Sodium phosphide is the inorganic compound with the formula Na3P. It is a black solid. It is often described as Na+ salt of the P3− anion. Na3P is a source of the highly reactive phosphide anion. It should not be confused with sodium phosphate, Na3PO4.

In addition to Na3P, five other binary compositions of sodium and phosphorus are known: NaP, Na3P7, Na3P11, NaP7, and NaP15.

Structure and Properties 
The compound crystallizes in a hexagonal motif, often called the sodium arsenide structure. Like K3P, solid Na3P features pentacoordinate P centers.

Preparation
The first preparation of Na3P was first reported in the mid-19th century. French researcher, Alexandre Baudrimont prepared sodium phosphide by treating molten sodium with phosphorus pentachloride.
 8 Na(l)  +  PCl5  →  5 NaCl  +  Na3P

Many different routes to Na3P have been described. Due to its flammability and toxicity, Na3P (and related salts) is often prepared and used in situ. White phosphorus is reduced by sodium-potassium alloy:
 P4 + 12 Na  →  4 Na3P

Phosphorus reacts with sodium in an autoclave at 150 °C for 5 hours to produce Na3P.

Alternatively the reaction can be conducted at normal pressures but using a temperatures gradient to generate nonvolatile NaxP phases (x < 3) that then react further with sodium. In some cases, an electron-transfer agent, such as naphthalene, is used. In such applications, the naphthalene forms the soluble sodium naphthalenide, which reduces the phosphorus.

Uses
Sodium phosphide is a source of the highly reactive phosphide anion. The material is insoluble in all solvents but reacts as a slurry with acids and related electrophiles to give derivatives of the type PM3:
  Na3P  +  3 E+  →   E3P (E = H, Me3Si)
The trimethylsilyl derivative is volatile (b.p. 30-35 C @ 0.001 mm Hg) and soluble. It serves as a soluble equivalent to "P3−".

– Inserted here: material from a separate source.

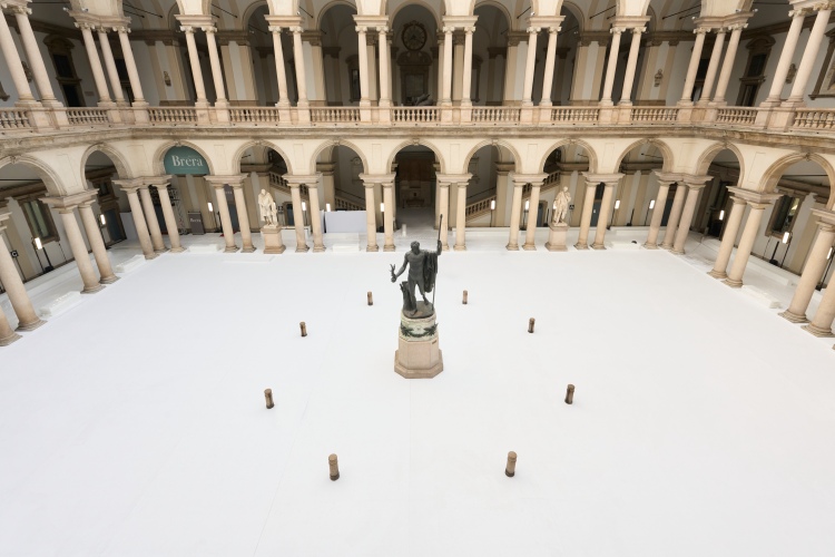 對比於上次以紅、白光交錯打造視覺上的變換,2025春夏秀場選在義大利米蘭的布雷拉畫廊 (Pinacoteca di Brera),這裡是米蘭人心中榜上有名的藝術殿堂,一走入就感受到明亮的自然光、建築上的拱形結構,以及傳承歷史、藝術的雕塑品,讓此次服裝系列與空間、藝術產生對話與連結。
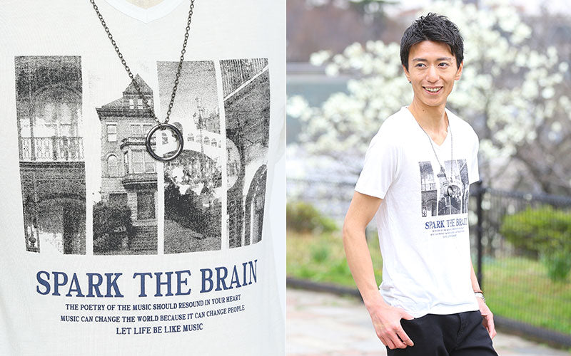 男らしさを上げてくれるVネックデザイン。ネックレスと作る首元のVゾーンで上品さもプラスしています!

Indium phosphide, a semiconductor arises by treating in-situ generated "sodium phosphide" with indium(III) chloride in hot N,N’-dimethylformamide as solvent. In this process, the phosphide reagent is generated from sodium metal and white phosphorus, whereupon it immediately reacts with the indium salt:

 Na3P + InCl3 → InP + 3NaCl

Sodium phosphide is also employed commercially as a catalyst in conjunction with zinc phosphide and aluminium phosphide for polymer production. When Na3P is removed from the ternary catalyst polymerization of propylene and 4-methyl-1-pentene is not effective.

Precautions
Sodium phosphide is highly dangerous releasing toxic phosphine upon hydrolysis, a process that is so exothermic that fires result. The USDOT has forbidden the transportation of Na3P on aircraft and trains due to the potential fire and toxic hazards.